(Stored items)
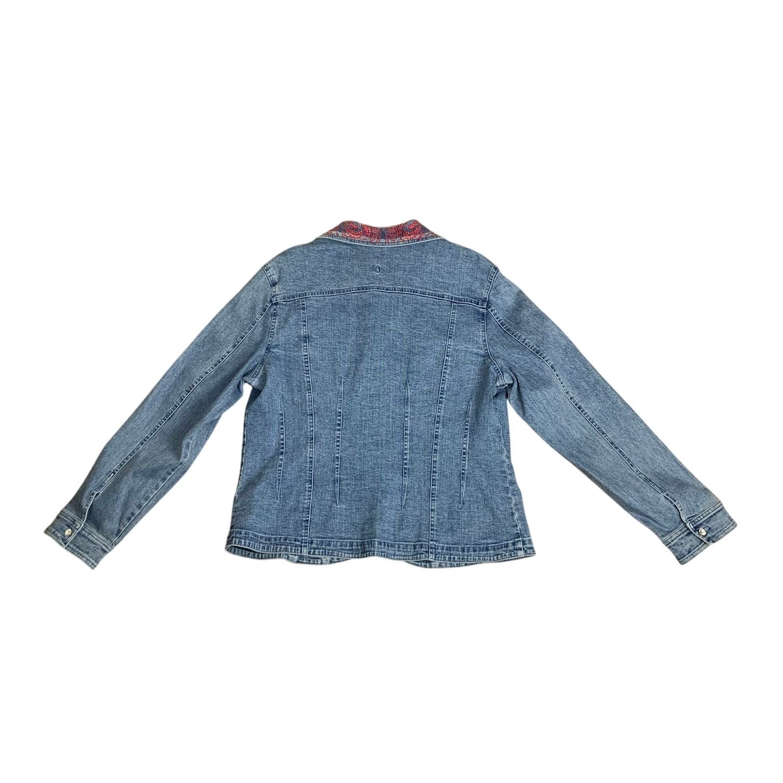 Christine Alexander Tailored Denim Trucker Jacket With Red Swarovski Crystals- Size XL Feminine cut with a curved hem Swirly red Swarovski Crystals in on the front and collar Silver / Clear large rhinestone buttons Cropped Front chest pockets Back Darts create a slight peplum Medium wash denim SIZE: XL CONDITION: Excellent Used Condition MEASURMENTS: Bust: 21 " Length (back of collar to hem): 24" *Consistent 5 Star Seller - Shipping M, W, F & SA *Feel free to Send me an OFFER - All Reasonable OFFERS Welcome! *From a Smoke-Free/Pet Friendly Home *Check out my closet for other similar sizes & don't forget to BUNDLE for more Discounts!! TAGS: Christine Alexander Tailored Denim Trucker Jacket With Swarovski Crystals - Size XL Medium wash denim jacket Denim Jacket with bling denim coat Rhinestone denim jacket Red rhinestone jacket Blinged-out jean jacket Sparkly tailored denim jacket Country glam jacket Curved hem jean jacket Shimmering Swarovski Crystal buttons Western statement jacket Peplum back denim jacket Feminine cut denim jacket Festive rhinestone jean jacket maximalist denim jacket Shiny casual layering piece Blingy western style denim jacket Coastal grandma jean jacket Canadian tuxedo jacket Tailored denim jacket XL Sparkly casual jacket Swirly red Swarovski Crystals jacket Designer denim jacket Holiday party denim jacket Statement jean jacket Medium wash feminine jean jacket Shimmery peplum jean jacket Stylish western rhinestone jacket Bedazzled Trucker Jacket
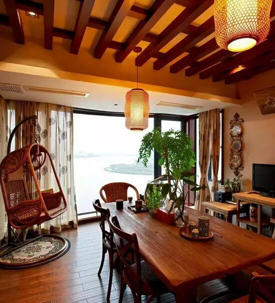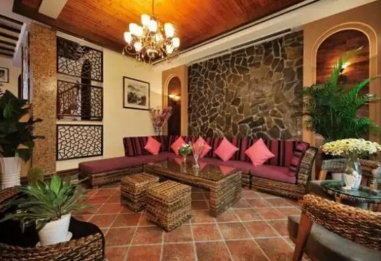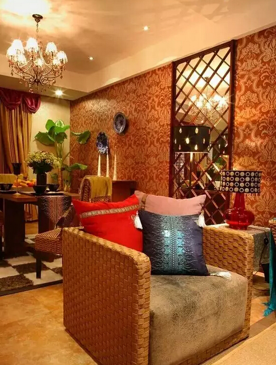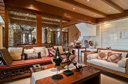 东南亚家居设计崇尚自然,木材、藤、竹成为室内首选。家具上多就地取材,注重手工性,有利于创造个性化空间。古朴的藤艺家具、配衬蓊郁的绿化,是常见的用来表现东南亚风格的手法。
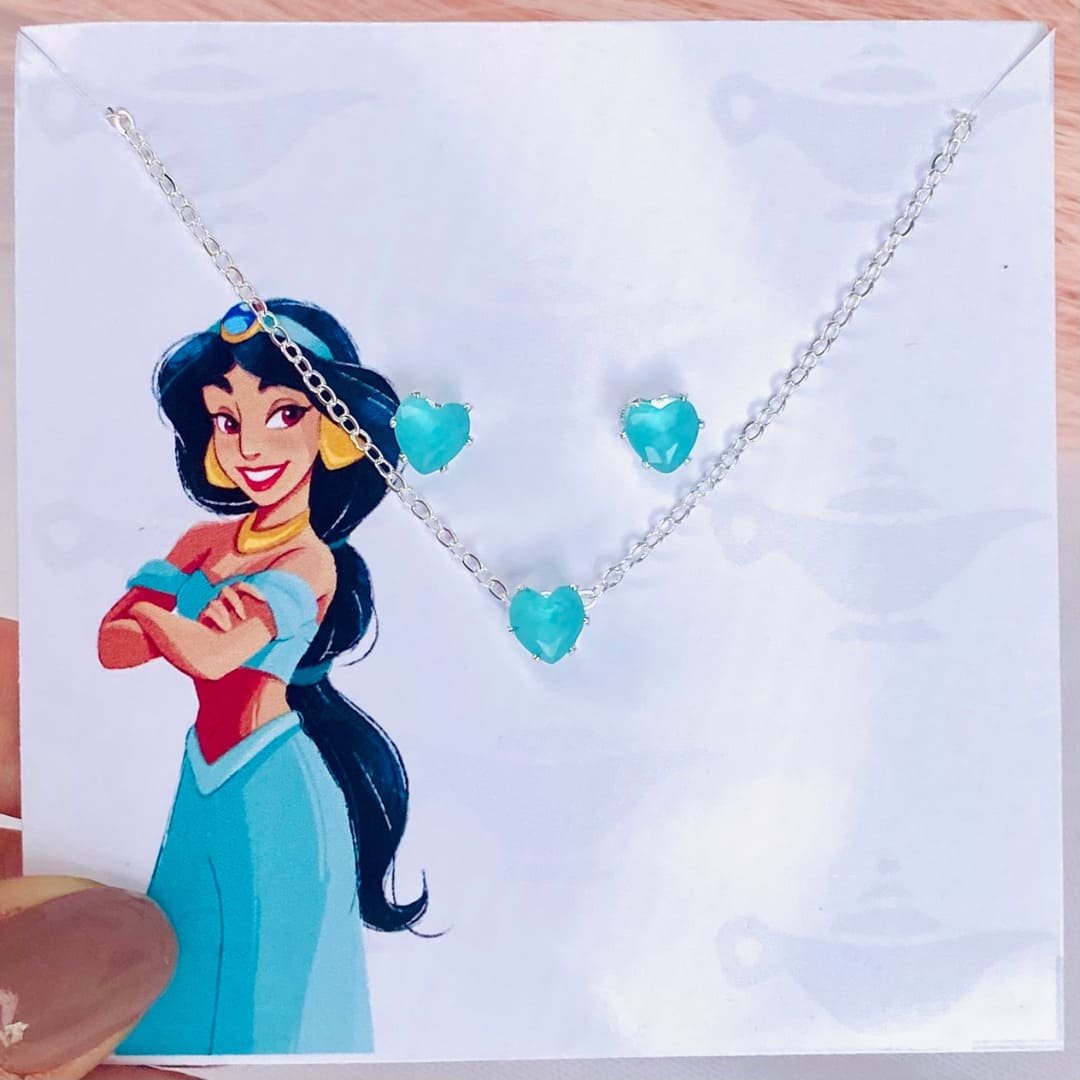 Conjunto colar cadeadinho e brincos infantil banhados a prata 925 (70 milésimos) + verniz italiano, com pingente de coração 6mm cravado azul royal e brinco coração 4mm cravado coração azul royal.
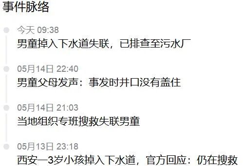 5月12日晚21时左右,在西安市未央区惠西村,因下雨路面积水,一名3岁男童在与家长走访亲友准备回家的途中,不慎掉入下水管道,被水冲走。
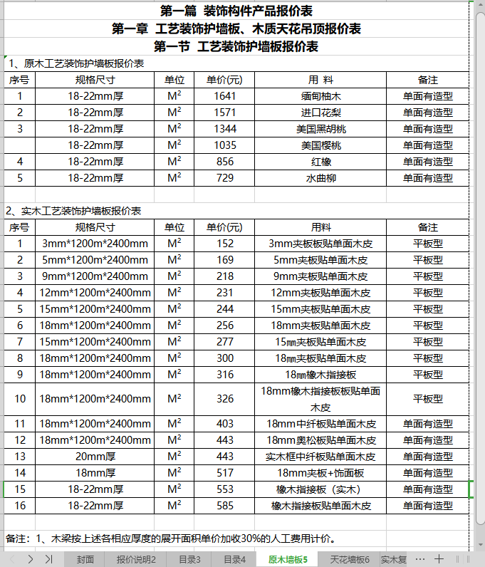 第一节 工艺装饰护墙板报价表 ……………………………………………… 5

* _Try it_
Copy out the records exactly. Do not include the pictures.

* _Output of the task_
 Christine Alexander Tailored Denim Trucker Jacket With Red Swarovski Crystals- Size XL Feminine cut with a curved hem Swirly red Swarovski Crystals in on the front and collar Silver / Clear large rhinestone buttons Cropped Front chest pockets Back Darts create a slight peplum Medium wash denim SIZE: XL CONDITION: Excellent Used Condition MEASURMENTS: Bust: 21 " Length (back of collar to hem): 24" *Consistent 5 Star Seller - Shipping M, W, F & SA *Feel free to Send me an OFFER - All Reasonable OFFERS Welcome! *From a Smoke-Free/Pet Friendly Home *Check out my closet for other similar sizes & don't forget to BUNDLE for more Discounts!! TAGS: Christine Alexander Tailored Denim Trucker Jacket With Swarovski Crystals - Size XL Medium wash denim jacket Denim Jacket with bling denim coat Rhinestone denim jacket Red rhinestone jacket Blinged-out jean jacket Sparkly tailored denim jacket Country glam jacket Curved hem jean jacket Shimmering Swarovski Crystal buttons Western statement jacket Peplum back denim jacket Feminine cut denim jacket Festive rhinestone jean jacket maximalist denim jacket Shiny casual layering piece Blingy western style denim jacket Coastal grandma jean jacket Canadian tuxedo jacket Tailored denim jacket XL Sparkly casual jacket Swirly red Swarovski Crystals jacket Designer denim jacket Holiday party denim jacket Statement jean jacket Medium wash feminine jean jacket Shimmery peplum jean jacket Stylish western rhinestone jacket Bedazzled Trucker Jacket
 东南亚家居设计崇尚自然,木材、藤、竹成为室内首选。家具上多就地取材,注重手工性,有利于创造个性化空间。古朴的藤艺家具、配衬蓊郁的绿化,是常见的用来表现东南亚风格的手法。
 Conjunto colar cadeadinho e brincos infantil banhados a prata 925 (70 milésimos) + verniz italiano, com pingente de coração 6mm cravado azul royal e brinco coração 4mm cravado coração azul royal.
 5月12日晚21时左右,在西安市未央区惠西村,因下雨路面积水,一名3岁男童在与家长走访亲友准备回家的途中,不慎掉入下水管道,被水冲走。
 第一节 工艺装饰护墙板报价表 ……………………………………………… 5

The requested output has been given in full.